A differential game for cooperative target defense

https://doi.org/10.1016/j.automatica.2018.12.034Get rights and content

Abstract

Multi-player pursuit–evasion games are crucial for addressing the maneuver decision problem arising in the cooperative control of multi-agent systems. This work addresses a particular pursuit–evasion game with three players, Target, Attacker, and Defender. The Attacker aims to capture the Target, while avoiding being captured by the Defender and the Defender tries to defend the Target from being captured by the Attacker, while trying to capture the Attacker at an opportune moment. A two-pronged pursuit–evasion problem in this game is considered and we focus on two aspects: the cooperation between the Target and Defender and balancing the roles of the Attacker between pursuer and evader. A barrier based on the explicit policy method and geometric analysis method is constructed to separate the whole state space into two disjoint parts that correspond to two winning regions for the Attacker and Target–Defender team. The main contributions of this work are obtaining the players’ winning regions and providing a complete game solution by analyzing the optimal strategies and trajectories of the players based on the barrier.

Introduction

The multi-player pursuit–evasion game is an important tool to deal with the maneuver decision problem arising in the cooperative control of multi-agent systems (Bopardikar et al., 2009, Ding et al., 2010, Ramana and Kothari, 2015), especially in confrontational circumstances (D’Andrea and Murray, 2003, Ge et al., 2008, Huang et al., 2015, Isaacs, 1965, Kraska and Rzymowski, 2011). In many practical applications, agents are required to assist other agents in completing confrontation tasks such as an interceptor defending an asset against an intruder (Li & Cruz, 2011), a torpedo safeguarding a naval ship against a submarine (Boyell, 1976), and a bodyguard protecting a potential victim against a bandit (Rusnak, 2005). The common feature of these application scenarios is that there are three players – Target, Attacker, and Defender – and this is known as a Target–Attacker–Defender (TAD) game.

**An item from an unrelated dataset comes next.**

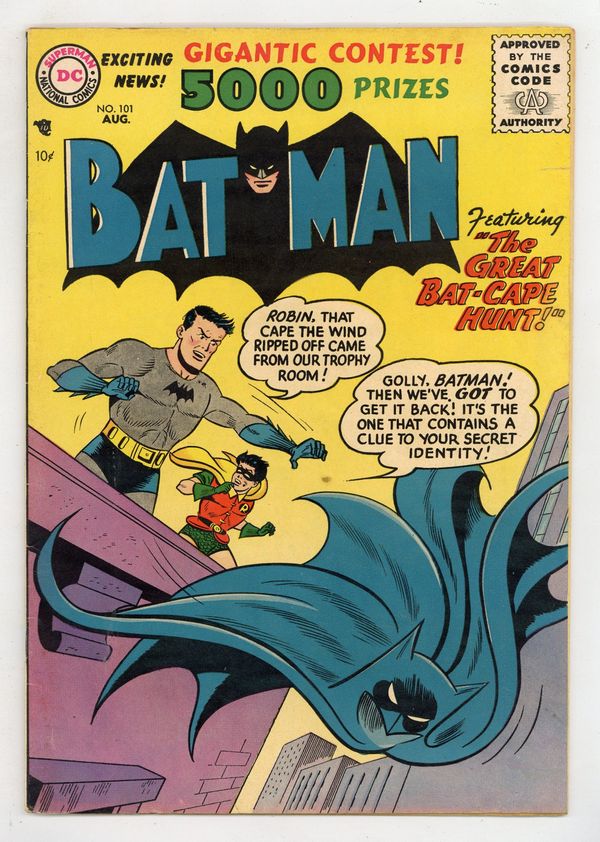 Cover by Sheldon Moldoff. "The Vanished Batman," script by Edmond Hamilton, pencils by Sheldon Moldoff (as Bob Kane), inks by Stan Kaye; Gotham City is shocked to see Robin drive up to Police HQ one day in a Robinmobile, but he refuses to comment on the disappearance of his long-time partner in crime-fighting. The Case of the Careless Camper! public service announcement with Peter Porkchops. "The Six Strangest Sleuths," script by Edmond Hamilton, pencils by Sheldon Moldoff, inks by Charles Paris; When crooks rob the box office at a Vaudeville performers performance, Batman enlists the aid of six former vaudevillians to help track them down. One-page Casey the Cop story by Henry Boltinoff. Two-Wheeled Lawmen article by Jack Miller. Half-page Little Orvil story. "The Great Bat-Cape Hunt!", script by Bill Finger, pencils by Sheldon Moldoff, inks by Charles Paris; Batman loses his cape and cowl on a windy day in Gotham City, but, realizing it has his secret identity sewn into it, he makes every effort to retrieve it before crooks do. 36 Pages, Full Color. Cover price $0.10.
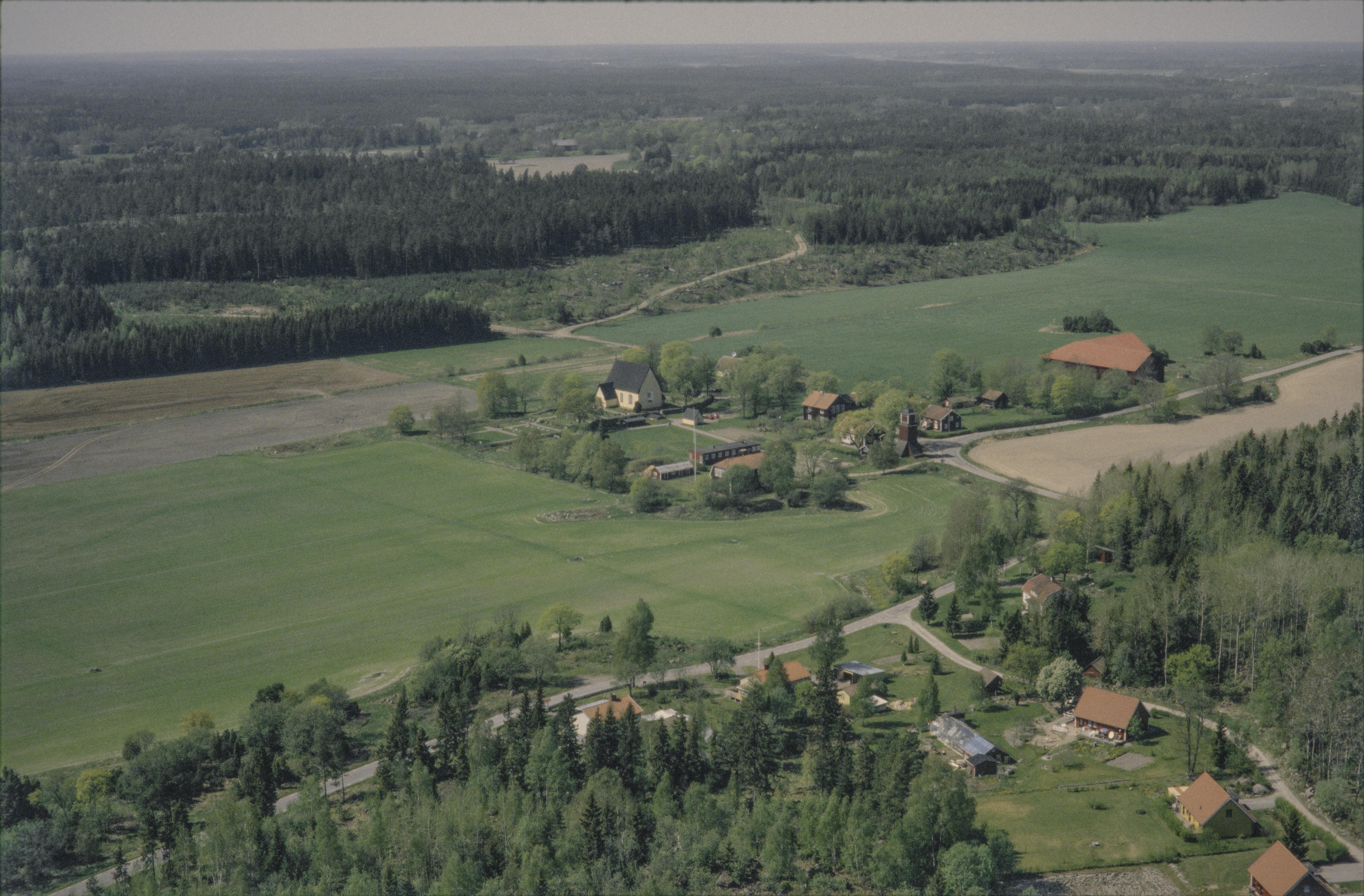 Beskrivning: Bladåkers kyrka i kyrkbyn Bladåkersby. Faringe socken i bildens övre kant. Bilden är tagen mot (väderstreck): SV

In a TAD game, the Attacker aims to capture the Target, while avoiding being captured by the Defender, and the Defender tries to defend the Target from being captured by the Attacker, while trying to capture the Attacker at an opportune moment. In other words, the Target and Defender cooperate in a team, and the Attacker is on the opposite side. This study, which focuses on solving such a TAD game, differs from conventional pursuit–evasion games because the players’ roles have changed. The task of the players is not merely to chase or to escape; the Attacker also needs to escape from the Defender. Meanwhile, the Target must cooperate with the Defender in addition to escaping from the Attacker. Moreover, the Defender cooperates with the Target to prevent the Attacker from achieving his or her goal. These changes in the players’ roles make it more difficult to solve the TAD problem.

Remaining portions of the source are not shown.